The Machine Experience Manifesto
A vision for designing interfaces that serve both human and machine intelligence
Our Belief
We believe that the rise of AI agents as primary users of digital interfaces represents not a disruption, but an opportunity — an opportunity to build better experiences for everyone.
The same patterns that enable AI agents to navigate, understand, and act upon digital content also empower human users with disabilities, enhance accessibility, and create more robust, maintainable systems.
This is the Convergence Principle: interfaces optimised for machines inherently improve experiences for humans.
What is Machine Experience?
Machine Experience (MX) is the practice of designing and building digital interfaces with explicit recognition that AI agents are legitimate users deserving thoughtful design consideration.
Where User Experience (UX) focused exclusively on human interaction, Machine Experience acknowledges a fundamental shift: autonomous systems now browse websites, complete purchases, extract information, and make decisions without human intervention.
MX practitioners design for this reality whilst ensuring human users benefit equally from the improvements.
Core Principles
1. Semantic Clarity
Structure precedes presentation. Semantic HTML, explicit state management, and machine-readable metadata create interfaces that both humans and agents can reliably interpret.
2. Universal Accessibility
Patterns that work for AI agents also work for screen readers, keyboard navigation, and assistive technologies.
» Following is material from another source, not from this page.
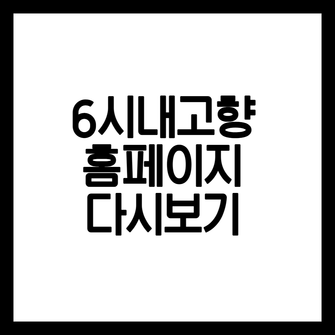 6시내 고향 프로그램을 항상 큰 감동을 받고 계시죠? 소중한 고향을 기리고 다시 찾아가는 고향 프로그램은 사람들에게 감동과 위로를 전달하는 훌륭한 프로그램입니다. 오늘의 6시내고향을 시청하신 후 6시내고향 홈페이지로 바로 가실 수 있도록 지금 바로 안내해 드리겠습니다.

MX is accessibility 2.0 — designing for the broadest possible range of users, human and machine alike.
3. Explicit State
Make system state visible and queryable. Agents and humans both benefit from knowing where they are, what actions are available, and what the consequences of those actions will be.
4. Progressive Disclosure
Information should be structured for both scanning and deep reading. Provide clear navigation, tables of contents, heading hierarchies, and semantic markup that allow both quick assessment and thorough investigation.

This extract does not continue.